WHAT IS EXPECTED:
Your answer should hold only the lines from the one with "11月24日,三明市医疗保障基金中心工作人员(中)向居民讲解医保基金征缴问题。" through the end of the records, repeated exactly and minus any pictures.

Data items:
↓↓↓
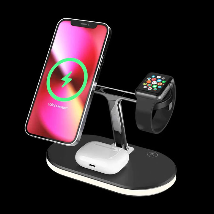 The inductive charging technology is what powers a 3-in-1 wireless charger. The charger avoids the need for direct contact by generating a magnetic field that transmits energy to your devices via compatible receivers. You can charge your devices without plugging and unplugging cables by simply setting them on the charging pad or stand.
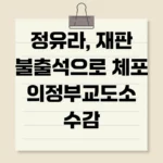 정유라, 재판 불출석으로 체포 의정부교도소 수감 최순실 씨의 딸 정유라 씨가 재판에 불출석하여 체포되었다는 소식은 많은 이들에게 다시 한번 국정농단 사태를 상기시키고 있습니다. 이번 사건은 법치주의의 근간을 흔드는 행위로, 사회적 공정성에 대한 심각한 질문을 던지고 있습니다. 정유라 씨의 체포 배경과 앞으로의 법적 절차, 그리고 사회에 미치는 영향까지 자세히 분석해 보겠습니다. 정유라 재판 불출석과 체포: 사건의 […]
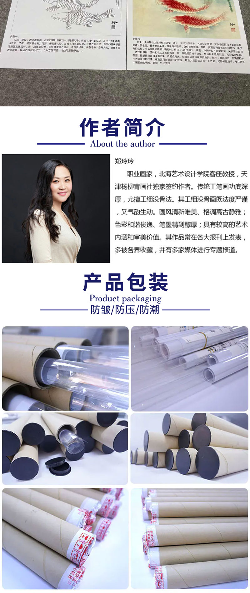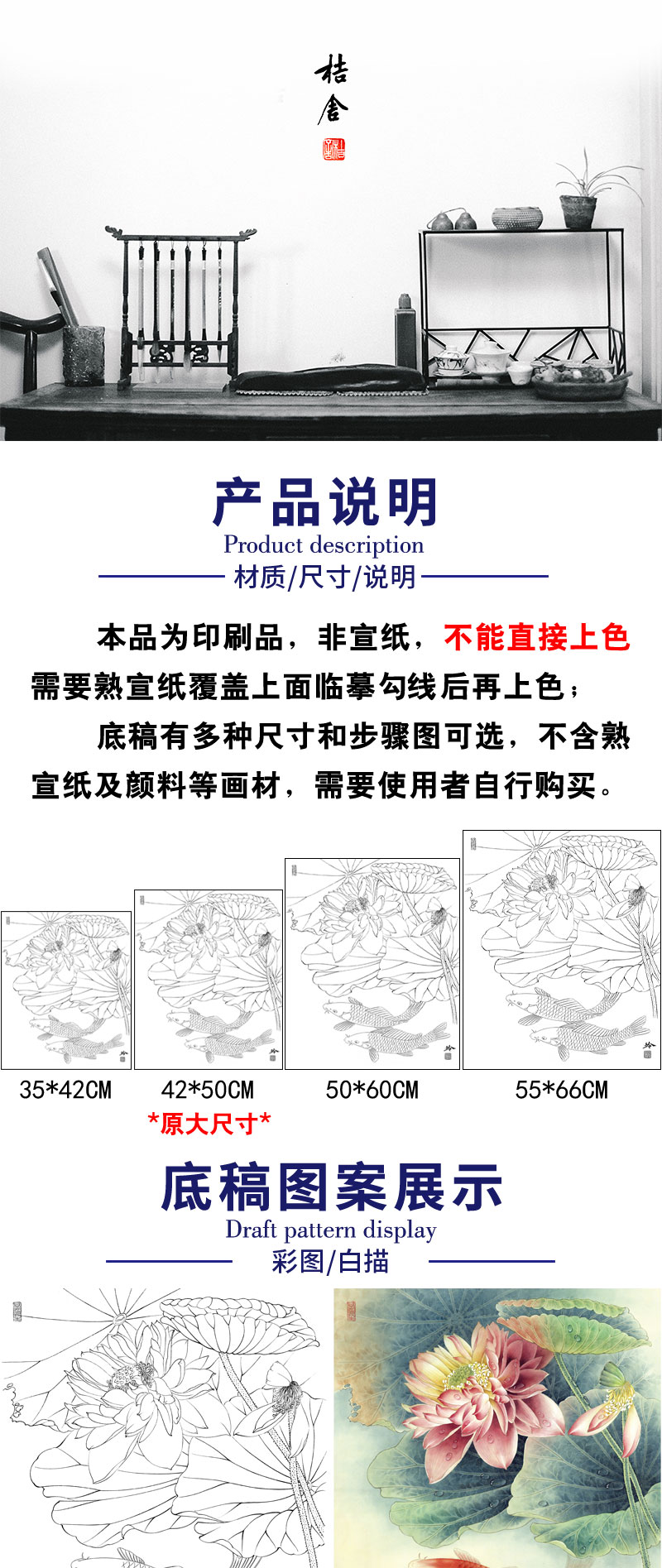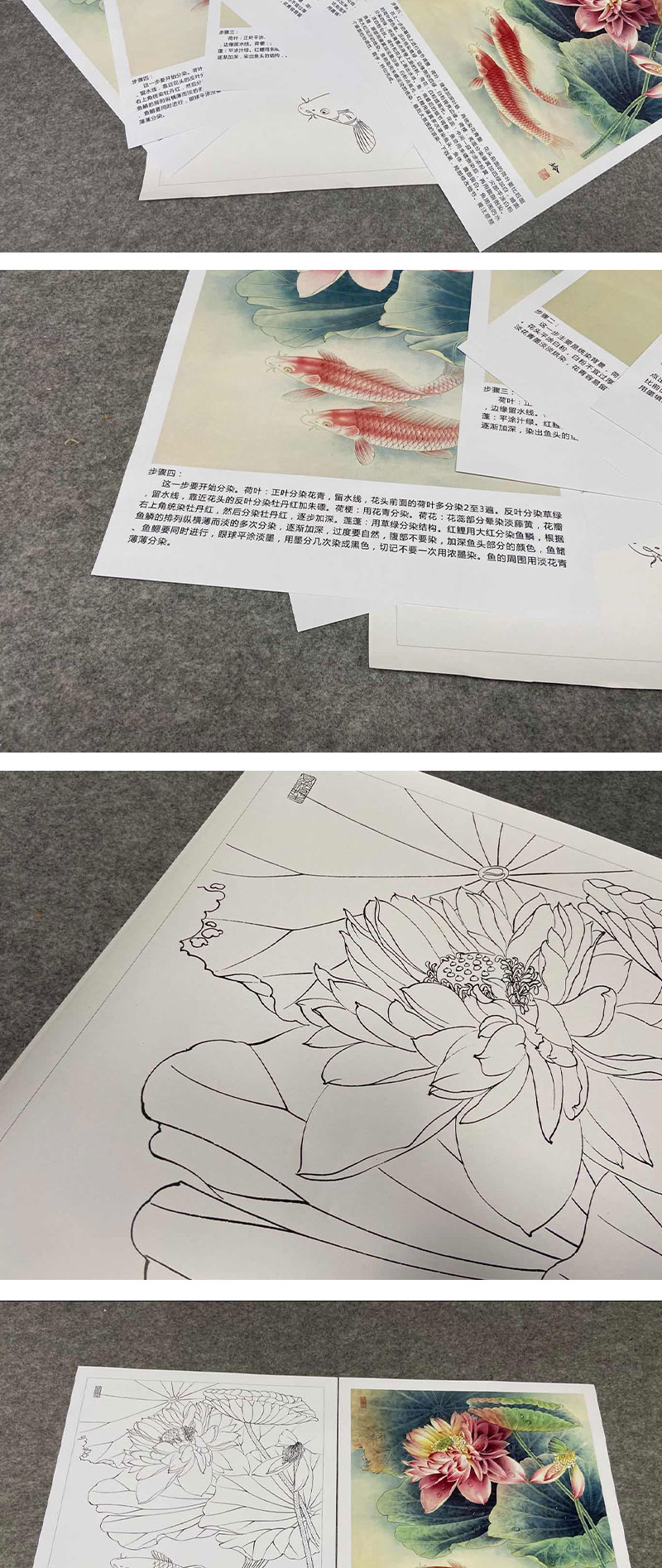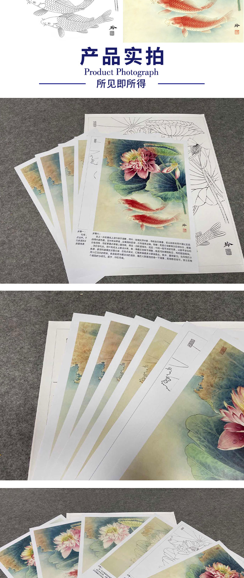 【有步骤、大彩图】郑玲玲工笔画白描底稿《清清荷韵悠悠我心》荷花鲤鱼初学者临摹花鸟线稿ZL06
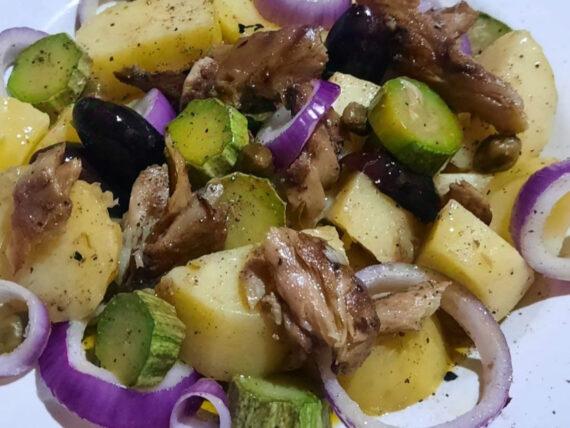 H αυθεντική παραδοσιακή συνταγή για Τηνιακή ρεγκοσαλάτα με πατάτες, κολοκυθάκια και μυρωδικά. Μια ζεστή πατατοσαλάτα για να συνοδεύσουμε τα όσπρια ή και τα ψάρια μας.
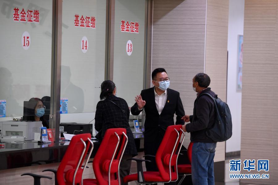 11月24日,三明市医疗保障基金中心工作人员(中)向居民讲解医保基金征缴问题。
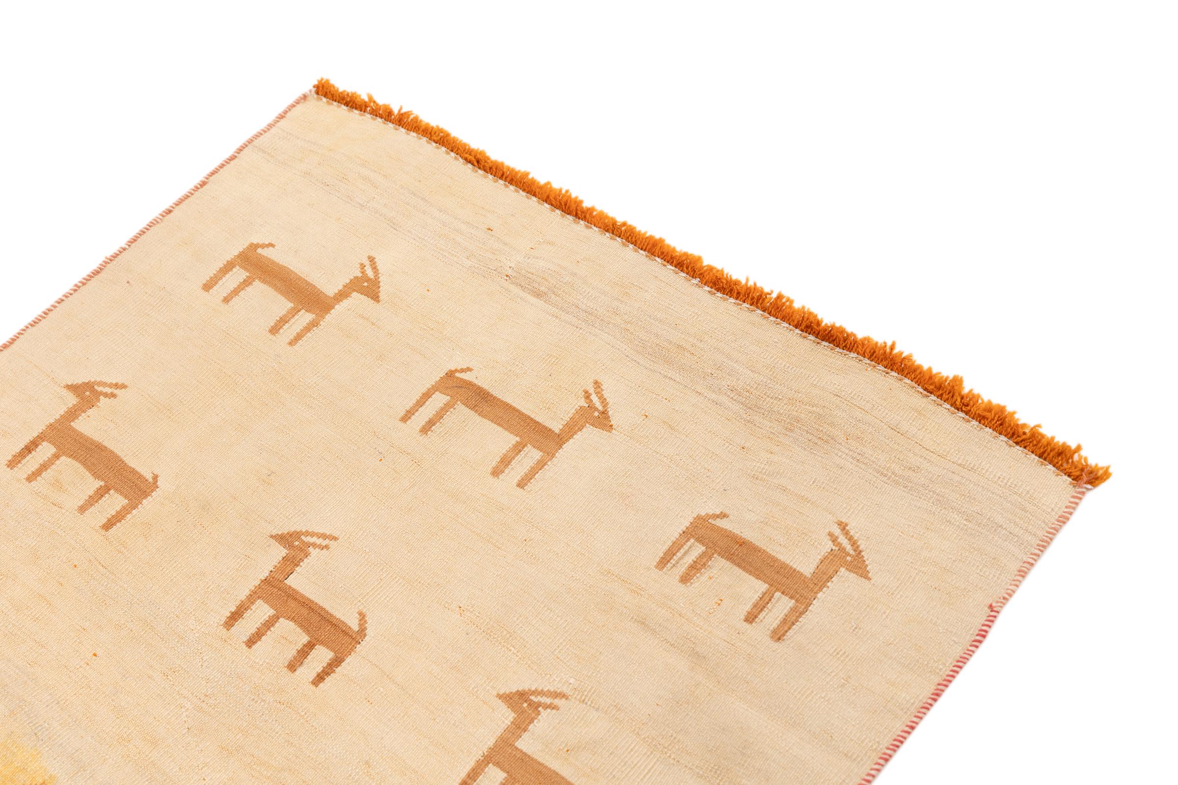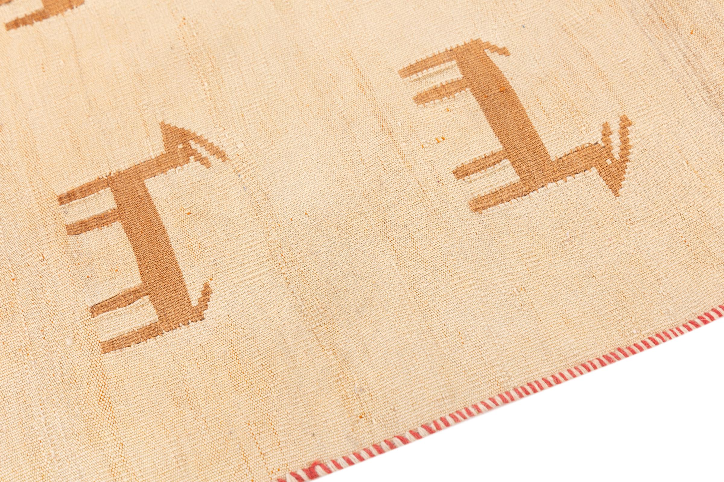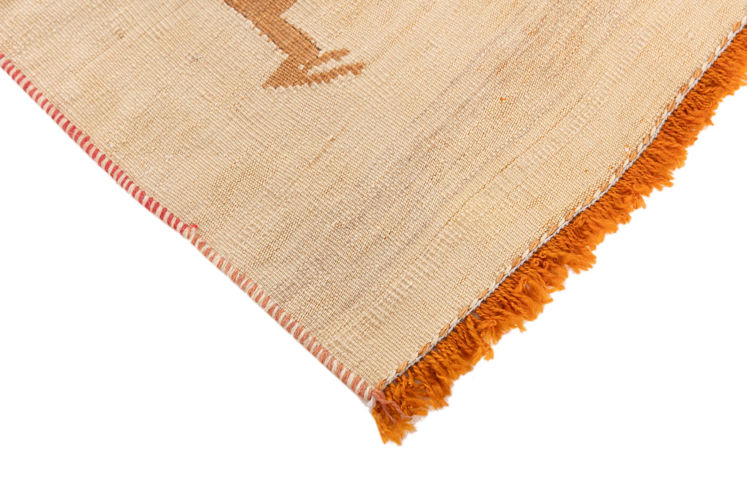 Acest Chilim fars țesut manual combină modelele și ornamentele persane cu tradiția țesăturilor plate. O combinație grozavă și modernă a celor mai populare concepte ale Orientului. Acest lucru creează un covor cu o gamă largă de utilizări. Fie ca o cuvertura de pat, fie ca un covor in fata canapelei – un kilim Fars face posibil acest lucru si poate fi gasit acum in cele mai cunoscute reviste de design interior. Covoarele Kilim Fars sunt țesute manual în Iran și, prin urmare, se numără printre kilimurile de cea mai înaltă calitate.
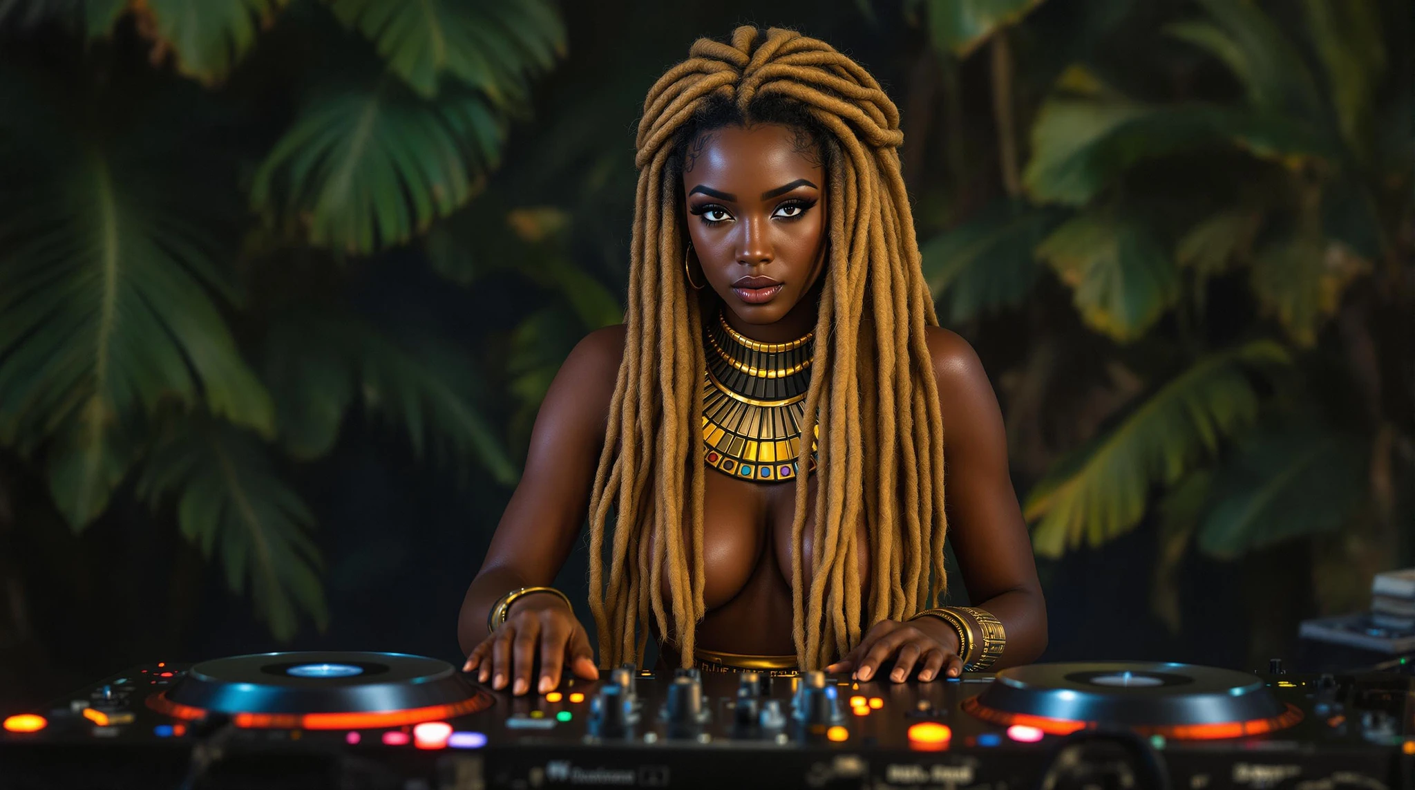 A photo of a 25 year old a egypt goddess with dirty blond dreadlocks, pharaoh clothes, natural, full body, necklace, hyper realistic, background Jamaican tropical, she is a DJ playing music on turntables, 8k, skin imperfections, skin texture, UHD, ULTRA DETAILS .
↑↑↑
SOLUTION TO THIS TASK:
 11月24日,三明市医疗保障基金中心工作人员(中)向居民讲解医保基金征缴问题。
 Acest Chilim fars țesut manual combină modelele și ornamentele persane cu tradiția țesăturilor plate. O combinație grozavă și modernă a celor mai populare concepte ale Orientului. Acest lucru creează un covor cu o gamă largă de utilizări. Fie ca o cuvertura de pat, fie ca un covor in fata canapelei – un kilim Fars face posibil acest lucru si poate fi gasit acum in cele mai cunoscute reviste de design interior. Covoarele Kilim Fars sunt țesute manual în Iran și, prin urmare, se numără printre kilimurile de cea mai înaltă calitate.
 A photo of a 25 year old a egypt goddess with dirty blond dreadlocks, pharaoh clothes, natural, full body, necklace, hyper realistic, background Jamaican tropical, she is a DJ playing music on turntables, 8k, skin imperfections, skin texture, UHD, ULTRA DETAILS .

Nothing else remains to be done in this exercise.